*** Data extract

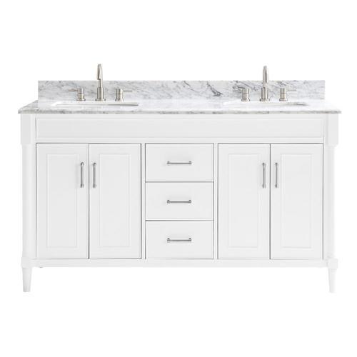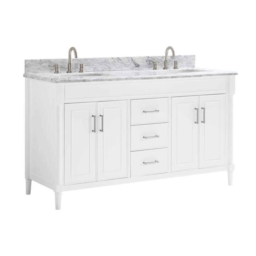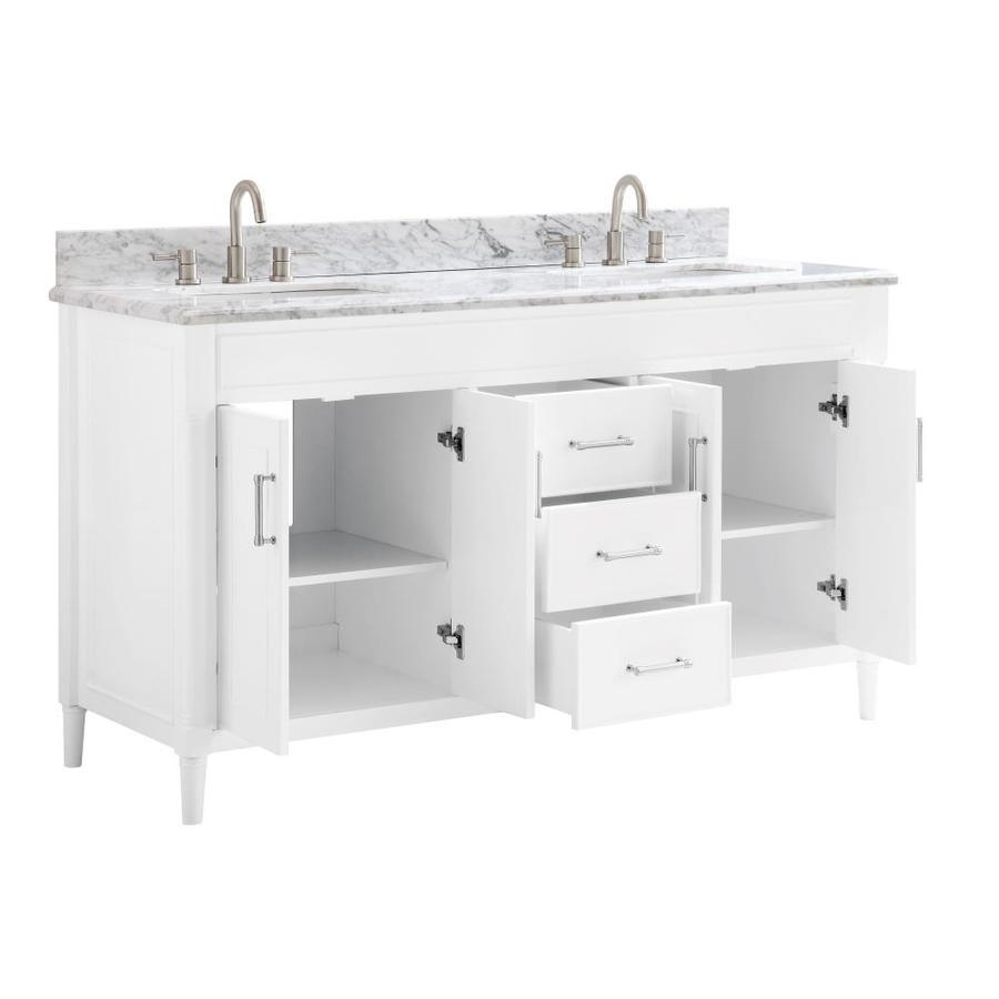 allen + roth Perrella 61-in White Double Sink Bathroom Vanity with Carrera White Natural Marble Top
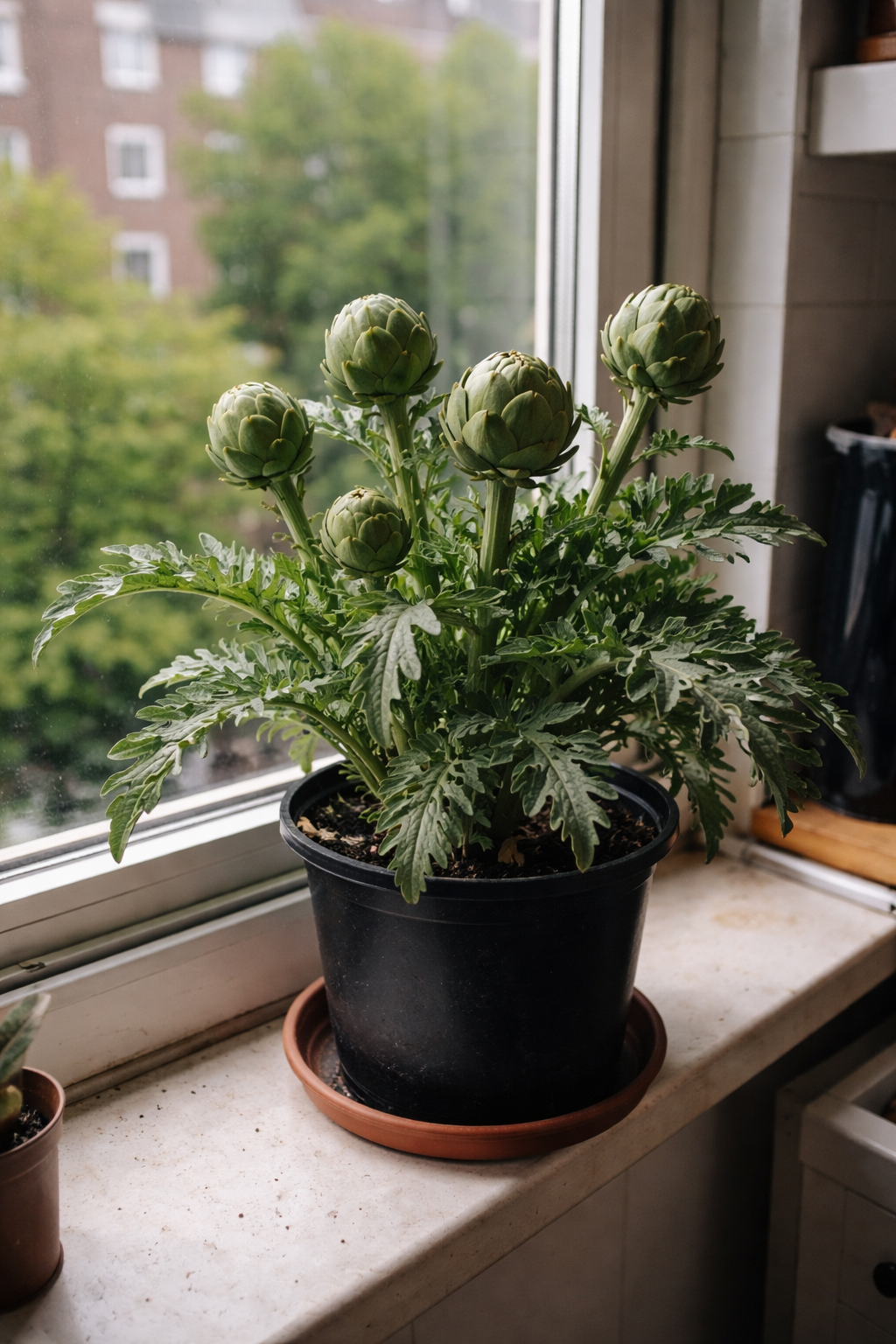 Поставте горщик Р9 у добре освітлене місце — підвіконня або засклений балкон. Артишок любить світло і стабільну температуру.
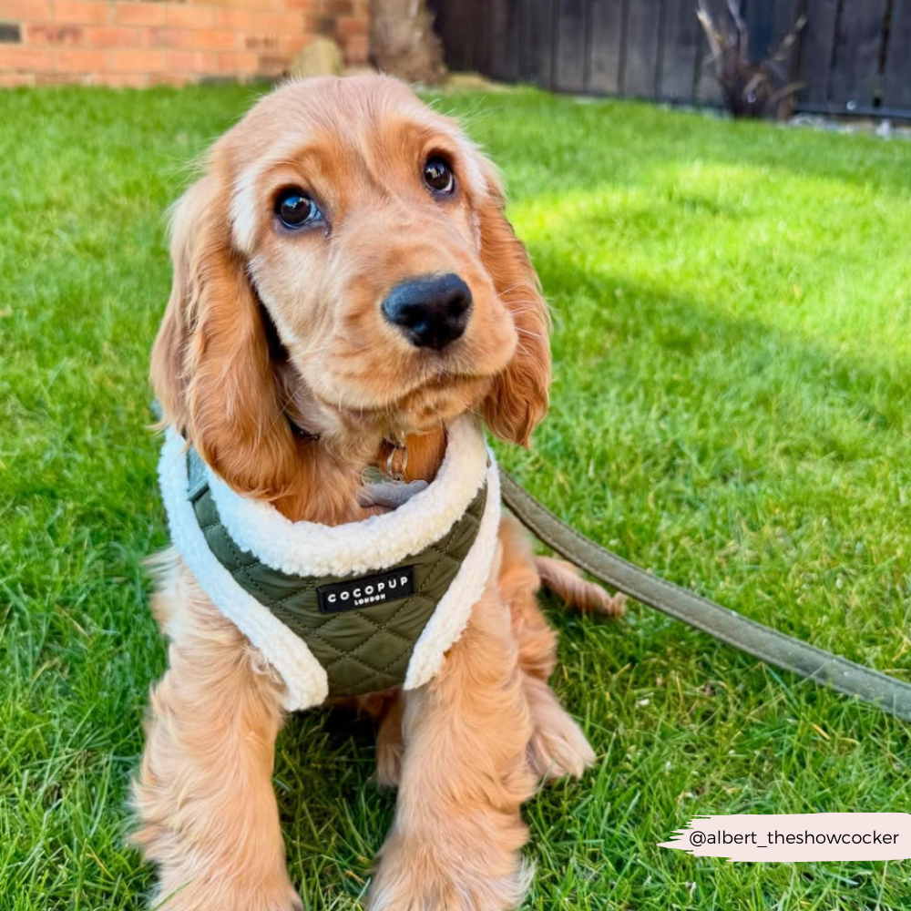 Olive quilted dog harness with white fleece lining from COCO PUP London.
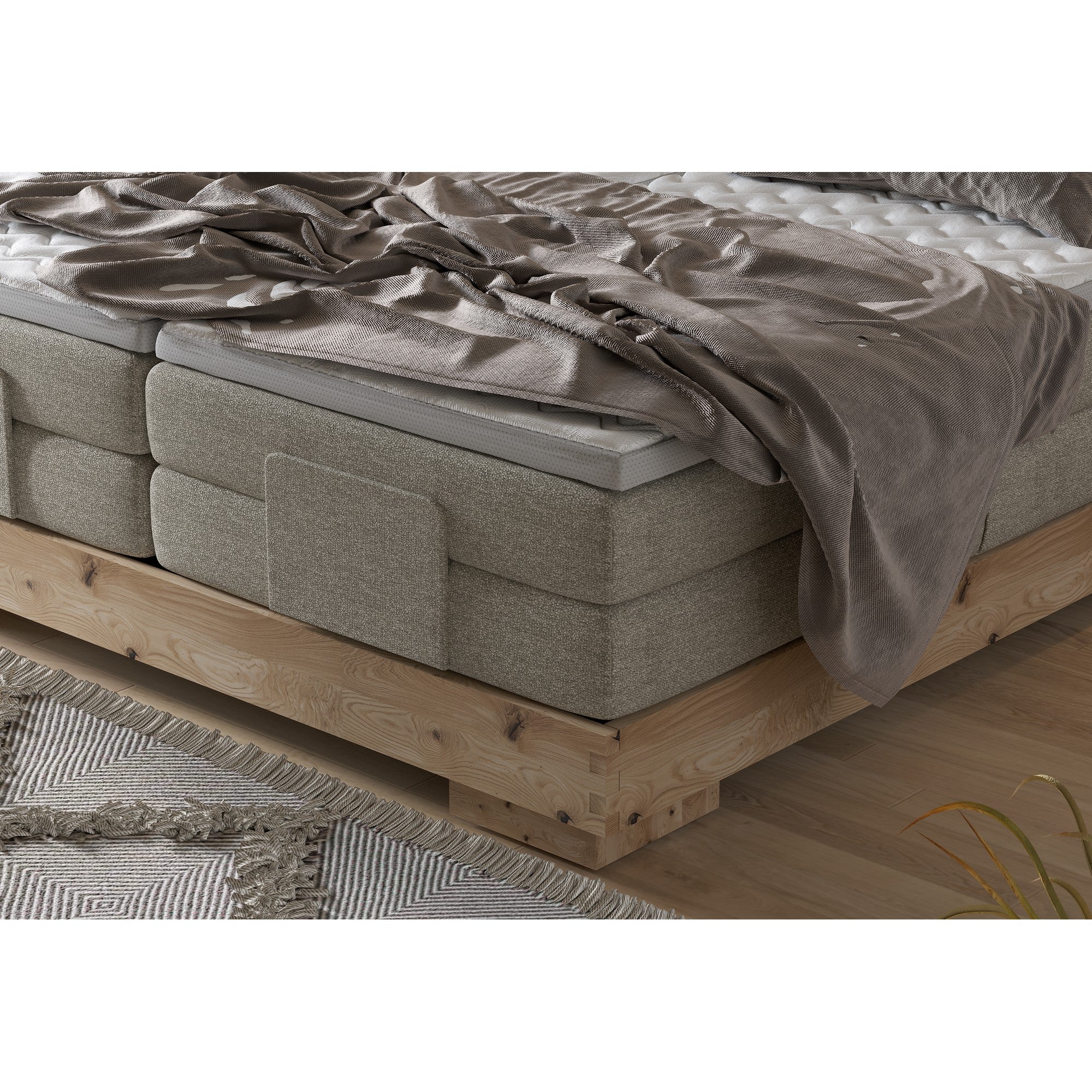 Pat boxspring VALSEN 160, personalizabil, din lemn masiv cu mecanism electric si doua saltele Pocket + topper
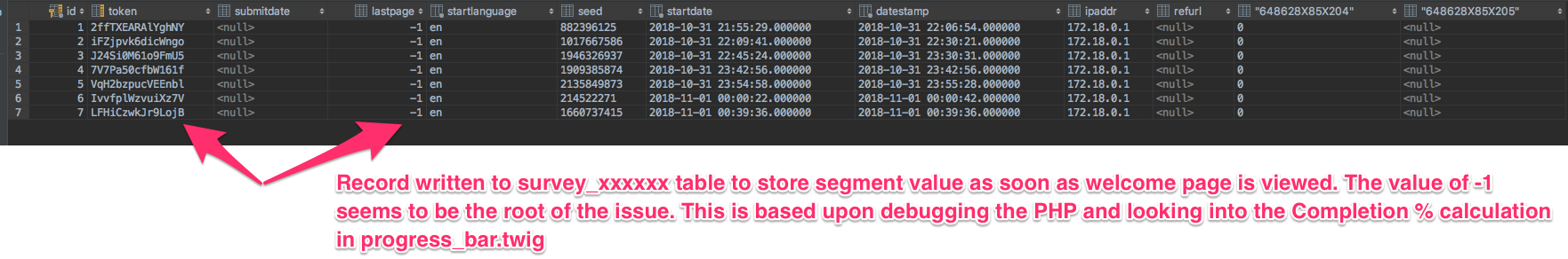 | Description | We are currently running the current version of LS. We have a survey which utilizes the Panel Integration capabilities to capture variables passed in via the query string. In our case, the parameter is named "segment" and it is mapped to a hidden question. I've attached screenshots as well as sample surveys which should allow for reproduction of the issue. 648628 utilizes the normal welcome page and 639921 attempts to shift the Welcome message to a text block within a Question Group. The issue seems to reside with the DB record written to store the Panel Integration variable which notes the "lastpage" with a value of -1. Based upon the PHP and progress_bar.twig debugging performed, the -1 causes issues with the progress calculation and the rendering of the "first page". With debug=1, there is a PHP warning displayed but it seems to occur upstream of the actual issue. Screenshots attached just in case. The issue we are encountering is the Welcome Page is not displayed correctly in situations where a participant clicks the survey link, lands on the Welcome Page, chooses not to take the survey at this time, and clicks the link later to return to complete the survey. We believe the issue is related to a record being written to the "survey_####### " table to store the query string parameter and setting the "lastpage" equal to -1. When the participant returns later, they receive a window with a negative (-200%) progress number and no welcome text. We tried dropping the Welcome Page and using text on a survey page but still continue to encounter the issue. | ||||
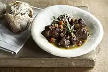 Spezzatino is an Italian stew, made from low-grade cuts of veal, beef, lamb or pork.[1][2] There are many regional variants. For example, in Tuscany is prepared a famous variant made with beef, carrots, celery and onions.,[1] in Umbria are traditional the spezzatini di montone (mutton)[3] and roe,[1] in Nuoro wild boar spezzatino is traditional,[1] whereas in Friuli Venezia Giulia spezzatino is served with aromatic herbs and dry white wine.[1]
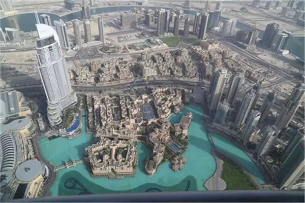 白天在哈利法塔观景台俯瞰迪拜。
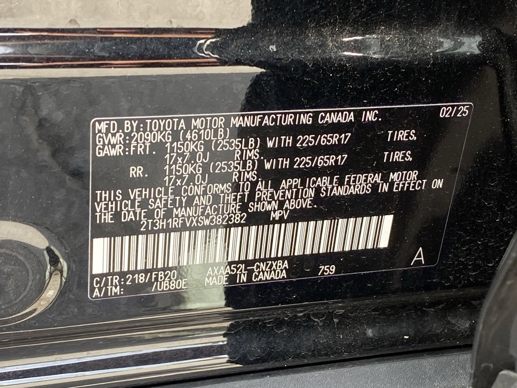 - VIN : 2T3H1RFVXSW382382
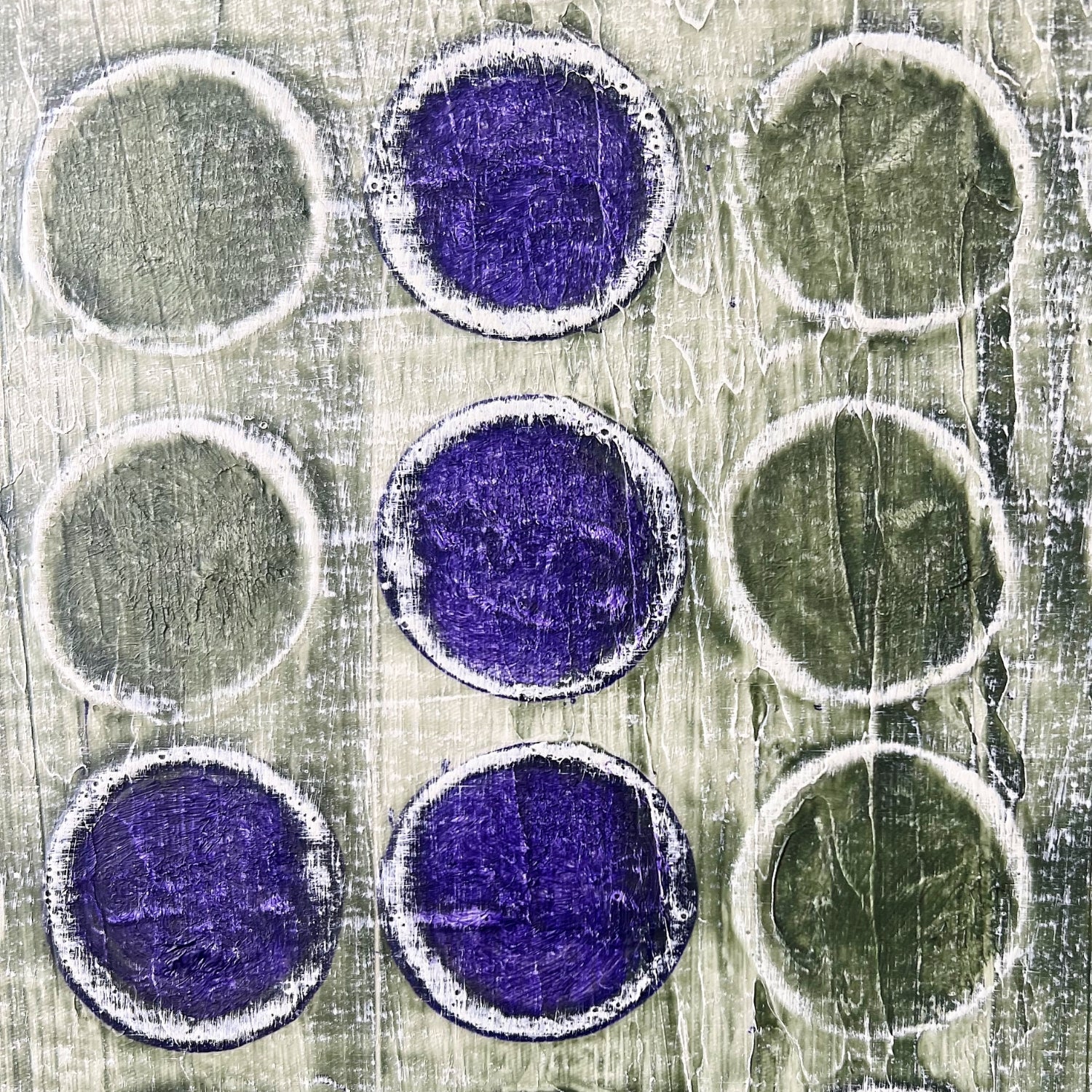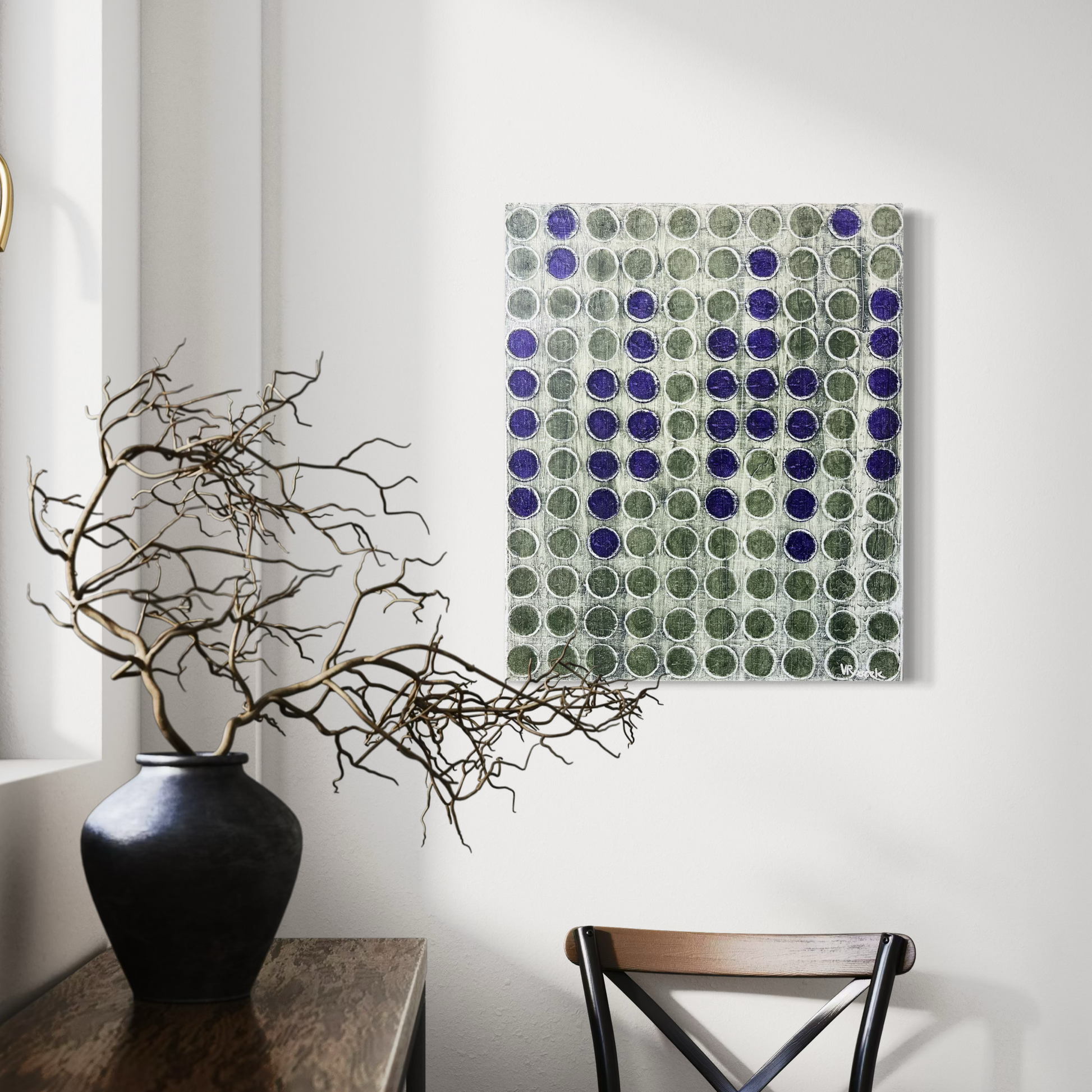 Esta obra es una abstracción de una imagen de flores de lavanda, hecha con una retícula de círculos. Los colores son un verde olivo suave y un azul violeta, como la lavanda misma. Esta obra puede dar un toque de naturaleza al espacio, con la sofisticación de una obra abstracta.
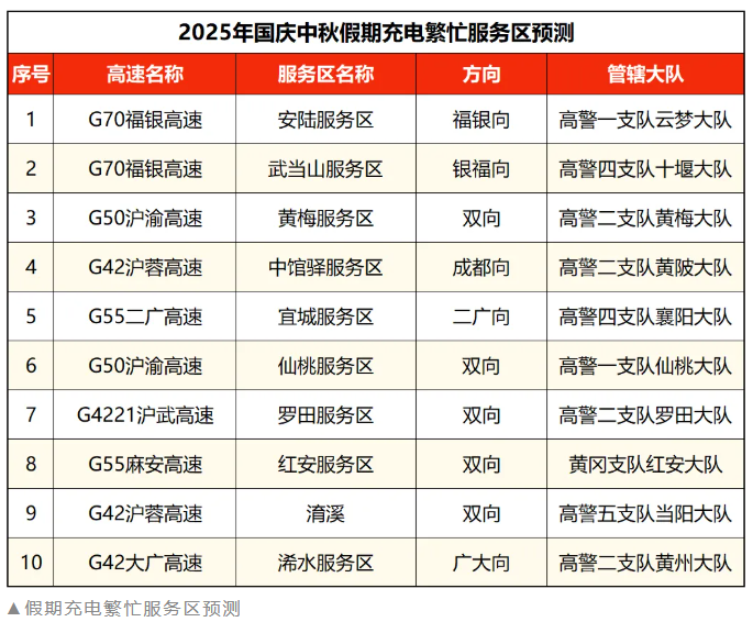 預計今年國慶中秋假期,仍呈集中出行分散返程特點,返程流量相對平穩,假期首日、第六日、第七日高速公路擁堵緩行風險突出。此外,加油、充電設施繁忙服務區車輛排隊易倒灌主線引發事故,進一步加劇擁堵緩行風險。
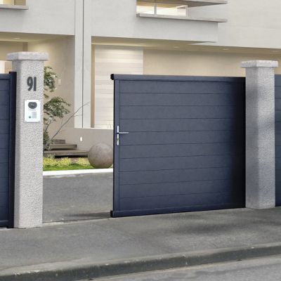 - Portail En Aluminium Coulissant Motorise Blade Gris 350 Cm Castorama

******

» Try it
The answer must be the exact lines from the line with "Spezzatino is an" to the final line of the data, both ends included, with no pictures.

» Exercise response
 Spezzatino is an Italian stew, made from low-grade cuts of veal, beef, lamb or pork.[1][2] There are many regional variants. For example, in Tuscany is prepared a famous variant made with beef, carrots, celery and onions.,[1] in Umbria are traditional the spezzatini di montone (mutton)[3] and roe,[1] in Nuoro wild boar spezzatino is traditional,[1] whereas in Friuli Venezia Giulia spezzatino is served with aromatic herbs and dry white wine.[1]
 白天在哈利法塔观景台俯瞰迪拜。
 - VIN : 2T3H1RFVXSW382382
 Esta obra es una abstracción de una imagen de flores de lavanda, hecha con una retícula de círculos. Los colores son un verde olivo suave y un azul violeta, como la lavanda misma. Esta obra puede dar un toque de naturaleza al espacio, con la sofisticación de una obra abstracta.
 預計今年國慶中秋假期,仍呈集中出行分散返程特點,返程流量相對平穩,假期首日、第六日、第七日高速公路擁堵緩行風險突出。此外,加油、充電設施繁忙服務區車輛排隊易倒灌主線引發事故,進一步加劇擁堵緩行風險。
 - Portail En Aluminium Coulissant Motorise Blade Gris 350 Cm Castorama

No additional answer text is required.